Starting at the first line of the listing below, repeat each line exactly until the line containing "A Kathy Kuo", which you include. Leave out pictures.

DATASET SECTION >>
------------------------------------------------------------------------

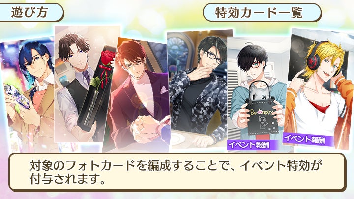 また、イベントと同時開催の「ホワイトデーガチャ」で新登場するSSRフォトカードや当イベント限定のSSRフォトカードを編成することで、イベント特効が付与され、お仕事における活動力がUPします。
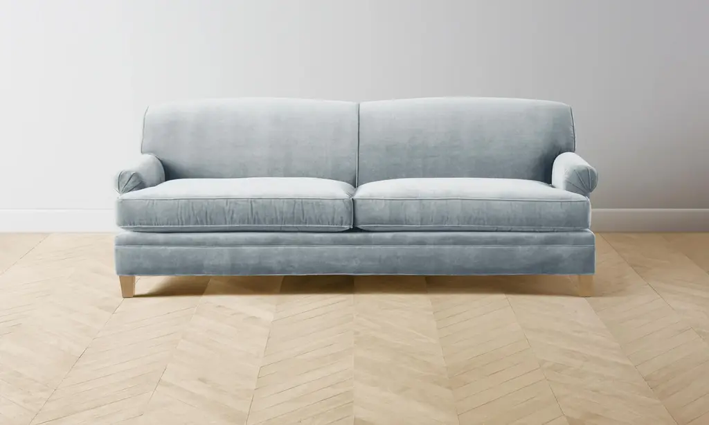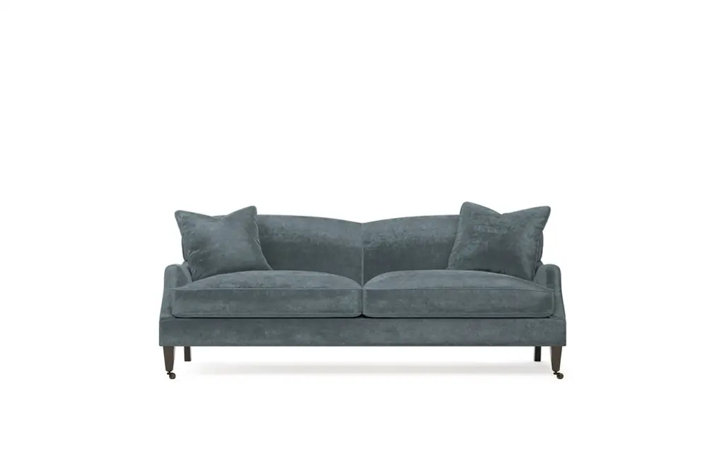 A Kathy Kuo Home exclusive, our 81” Willett sofa feels timeless and fresh, a perfect transitional piece for living rooms of any style. Turned wood legs and sloped, gently rounded arms add a charming, nostalgic feel, while the elongated bench seat offers a clean, sophisticated look. We designed Willett with a custom cushion fill—hypoallergenic Trillium® fiber holds its shape and offers all the comfort of down without the fluffing maintenance.
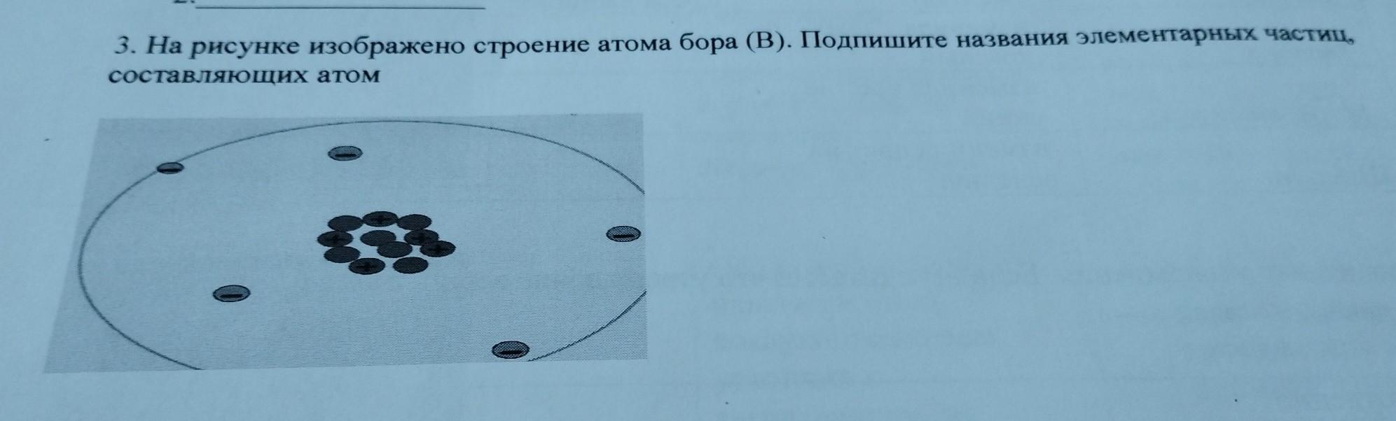 3. На рисунке изображено строение атома бора (в). Подпишите названия элементарных частиц, составляющих атом

------------------------------------------------------------------------

WRITTEN RESPONSE >>
 また、イベントと同時開催の「ホワイトデーガチャ」で新登場するSSRフォトカードや当イベント限定のSSRフォトカードを編成することで、イベント特効が付与され、お仕事における活動力がUPします。
 A Kathy Kuo Home exclusive, our 81” Willett sofa feels timeless and fresh, a perfect transitional piece for living rooms of any style. Turned wood legs and sloped, gently rounded arms add a charming, nostalgic feel, while the elongated bench seat offers a clean, sophisticated look. We designed Willett with a custom cushion fill—hypoallergenic Trillium® fiber holds its shape and offers all the comfort of down without the fluffing maintenance.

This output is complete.